OPEN CITY: EXISTENTIAL URBANITY is a compendium of student work and faculty essays from the Architecture Studio on the art of the city, conducted by Professor Diane Lewis and a team of notable architects at the Irwin S. Chanin School of Architecture from 2001 to 2014.
This book is… a very dense and rich anthology, where one could spend hours with each project, finding both its personal histories and the histories that it becomes interested in.” -Barry Bergdoll, Curator of Architecture & Design, MoMA NY
The book builds on the tradition of two earlier publications entitled Education of An Architect: A Point of View (1972) and Education of an Architect (1988), which established the internationally influential curriculum that begins with Architectonics, the structural and spatial vocabulary of architecture, and demonstrated the unique impact of that foundation on the five-year degree program at The Cooper Union. The subtitle “Existential Urbanity” reveals the underlying interest in the neo-realist concepts of the Italian Cinema and its parallels in Architecture: the architectural art of cultivating the “text” of an existing place into the significance of the form and use envisioned for a open space and civic institution.
The anthology represents drawings, models, and texts for works of civic architecture. Each of the project proposals considers the architectural memory of a given site as inspiration to the design of the structural form and the humanitarian program proposed. This unique study of the city advanced at The Cooper Union presents a strong picture of a generation’s cutting-edge civic activism, poetic vision and concerns about sustainability, which are aptitudes identified with the legacy of this architecture school.

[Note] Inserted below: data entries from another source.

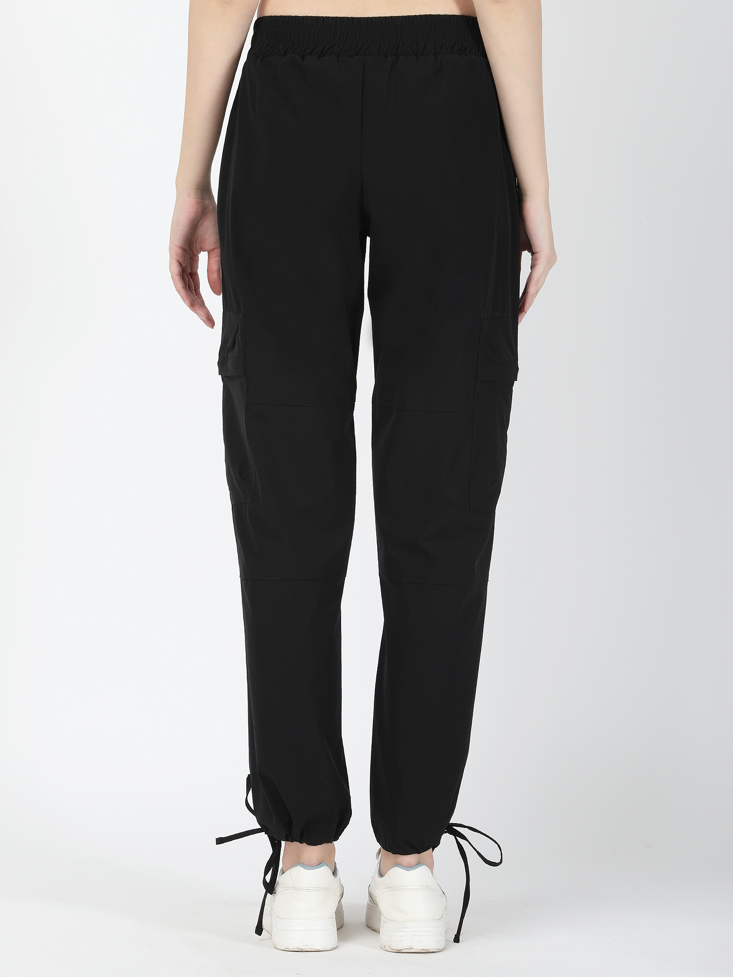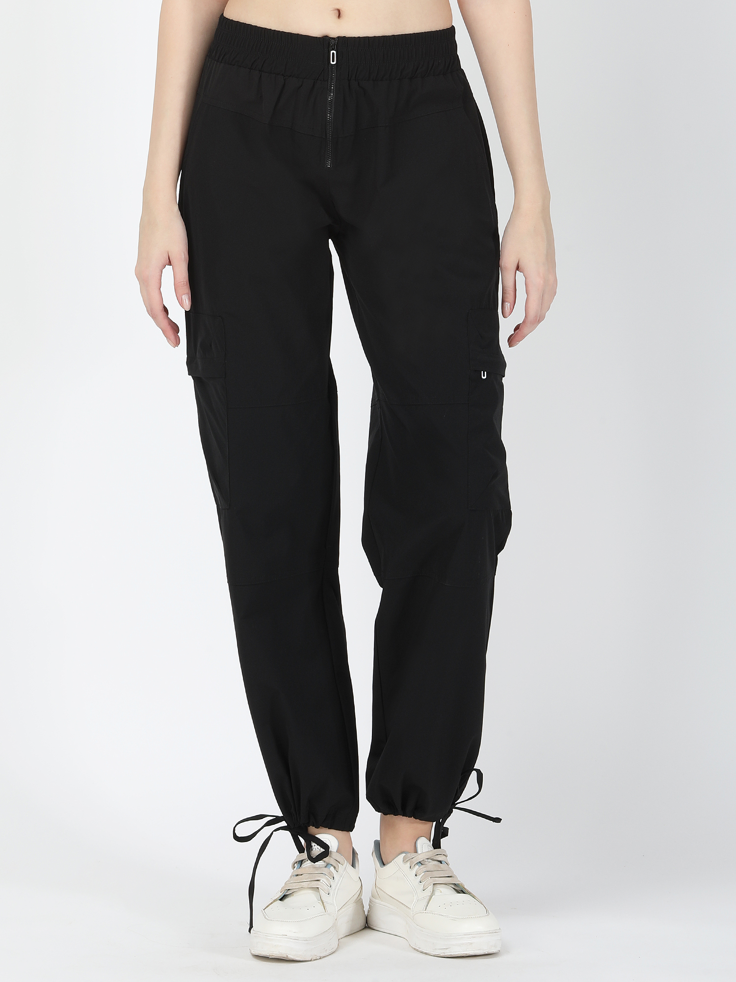 Enhance your casual style with these black parachute pants featuring a zipper on the waist. The side pockets add functionality, while the elastic drawstring and cord stopper at the hems provide a customizable fit, combining comfort and versatility in a sleek design.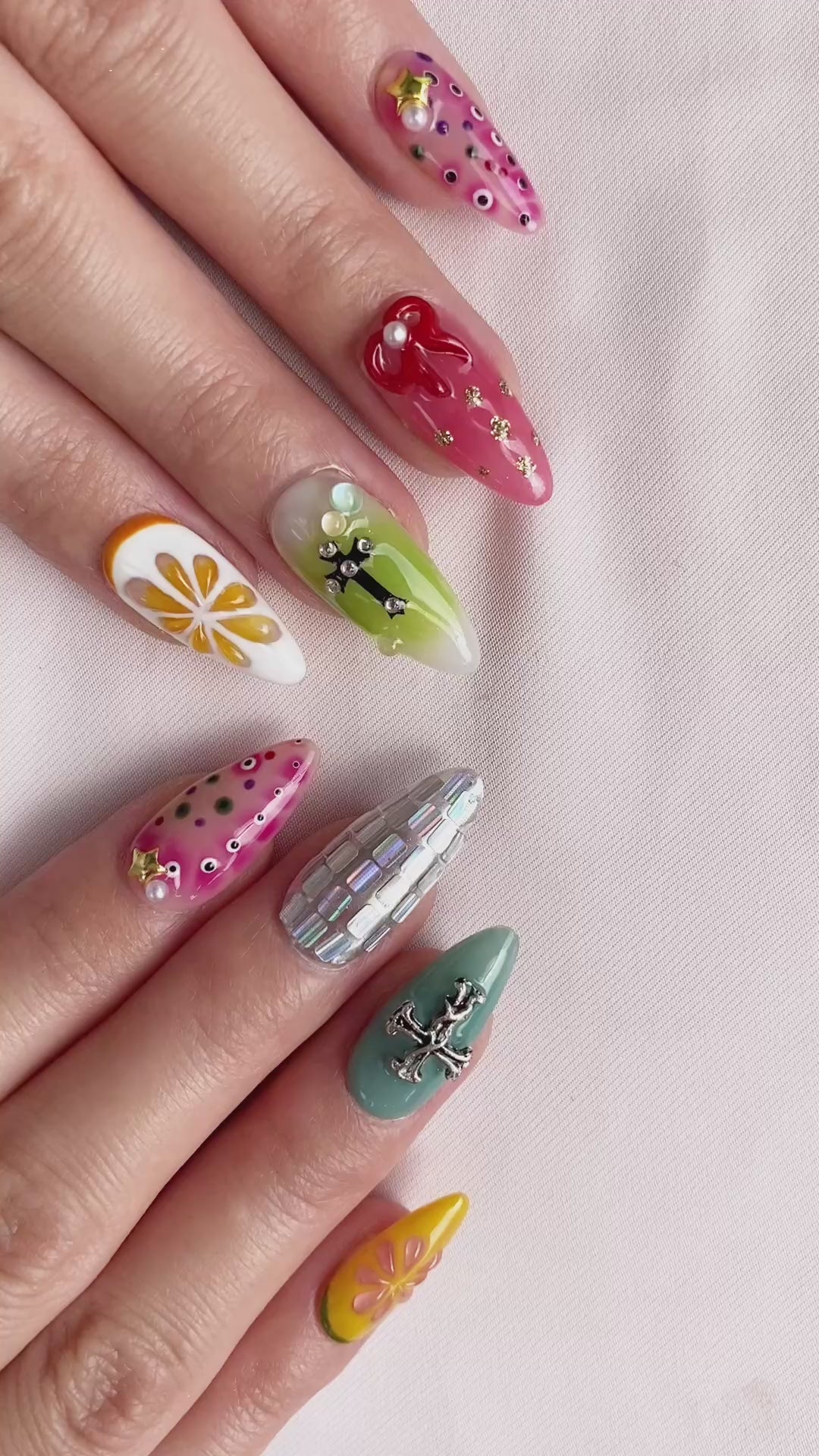 ビビッド ワンダーランド ネイル デザインは、複数の色と要素を巧みに組み合わせ、指先に視覚的なごちそうをもたらします。花柄から十字架の装飾まで、それぞれのネイルはユニークな個性と魅力に満ちており、創造性とファッションの融合を完璧に表現しています。このネイル セットは、個性とユニークなスタイルを求める人に最適です。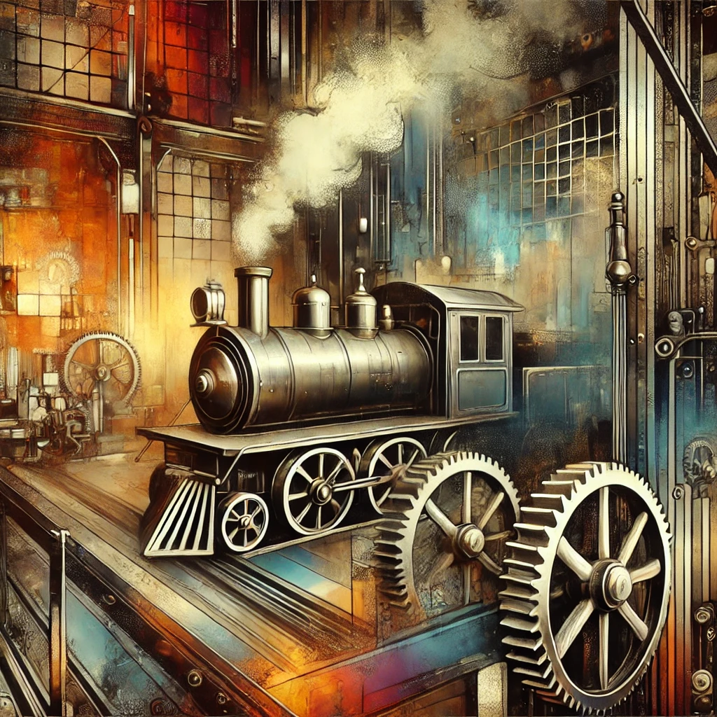 Steampunk-themed scene in a vintage factory with bold, vibrant colors and a large steam engine in the background.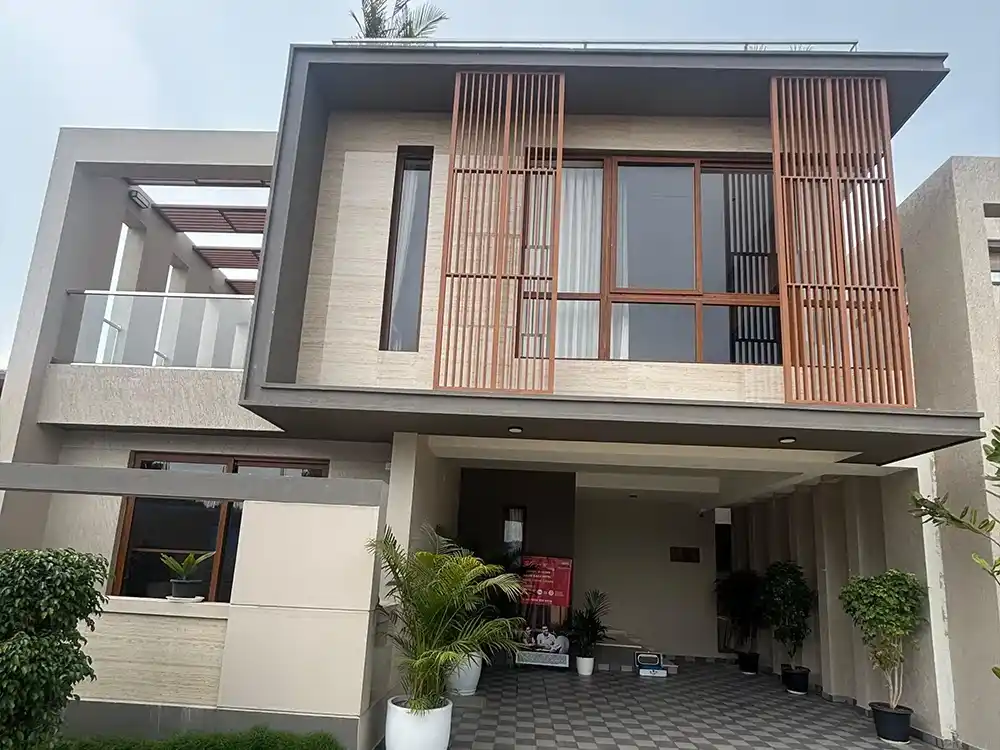 Three-track UPVC shutters/aluminum windows with clear glass | Main door – teak wood frame with designer flush door shutter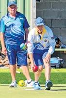 Robert Grubb steps into his bowl, and right, Peter Boyle plays the forehand.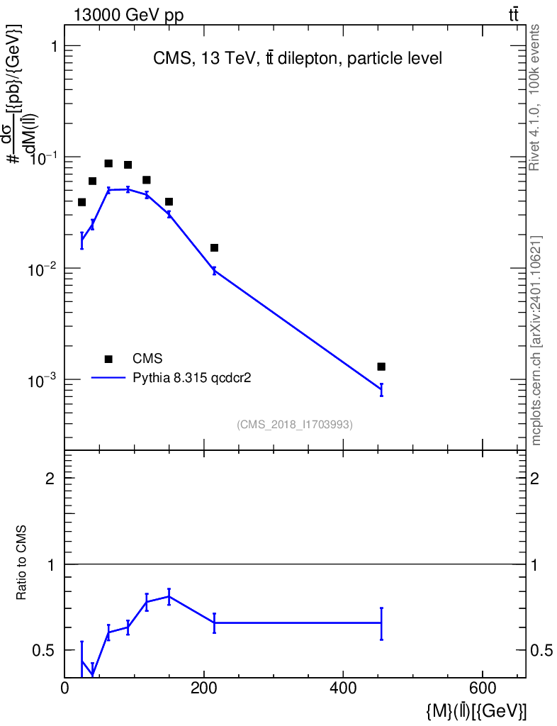 Lines: data, pythia8 8.315 qcdcr2 |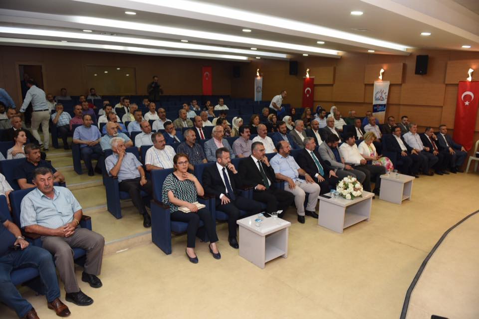 Başkan Aşgın, “O şeffaf çizginin çizildiği yıllardır o yıllar ve 57 canımızı kaybettik. Yine bundan 26 yıl önce 1993 yılında 2 Temmuz da Sivas’ta 37 canımız kaybettik. Yine bundan 26 yıl önce 5 Temmuz da Baş bağlarda 33 canımızı kaybettik. Gerçekten birliğe beraberliğe kardeşliğe ne kadar ihtiyacımızın olduğu eğer aramızda sevgi olmazsa muhabbet olmaza kardeşlik olmazsa sonucunun neler olduğunu gösteren sadece Temmuz ayının ilk haftasında vuku bulmuş olaylar bunlar. Biz arzu ediyoruz ki, barışın kardeşliğinin merkezi olan dünyanın merkezi olduğu gibi sevginin merkezi olan Çorum ilinde Allah’ın izni ile bir daha böyle bir şeyle asla yaşanmasın istiyoruz. Biz 15 tane mahallemizin bir ve beraber düşünüyoruz, kardeş biliyoruz. Çünkü biz Yunus Emre’nin dediği gibi ‘’72 millete tek gözle bakmayan halka müderris olsa hakka asidir’’ buna inanmışız. Yine Yunus diliyle ifade edecek olursak ’’ biz gelmedik dava için bizim işimiz sevgi için aşkın evi gönüllerdir gönüller yapmaya geldik’’ diye konuştu.

Apropos of the theoretical roots and the poetics of this approach to the city, Richard Meier, Barry Bergdoll, Curator of Architecture and Design at MoMA, and Diane Lewis contributed the introductory essays with an epilogue by Professor Anthony Vidler, Dean of the School of Architecture from 2001 to 2013. The introduction also includes essays by Peter Schubert and Francois de Menil. The illustrious and diverse roster of the team who participated in teaching this design studio with Professor Lewis whose essays introduce each studio chapter include the architects Peter Schubert, Georg Windeck, Mersiha Veledar, Roger Duffy, Calvin Tsao, Thomas Tsang, Daniel Meridor and Robert Estrin, and the historian/theorist Dan Scherer. Texts by diverse contributors such as writer Fran Lebowitz, and Karen Wong, Deputy Director of The New Museum, powerfully frame the overarching philosophy of the OPEN CITY studio. Here, the form of the city is based in the invention and the art of siting singularly authored, poetic works of architecture within the city plan. The projects require the author/ architect to envision a simultaneously specific and ideal architectural work for the collective and for their time, which is drawn and modeled at a detailed architectural scale. These attributes present a studio discipline taught as the architectural art of the city, as opposed to planning or urban design.
The architects who comprise the team teaching, hallmark of the Cooper studio education, is represented in each chapter of OPEN CITY. Each chapter is introduced with a final exhibition installation photograph, the brief of the project “as given”, and an introductory essay from one of the studio professors from the team of practicing architects and historians engaged in this study.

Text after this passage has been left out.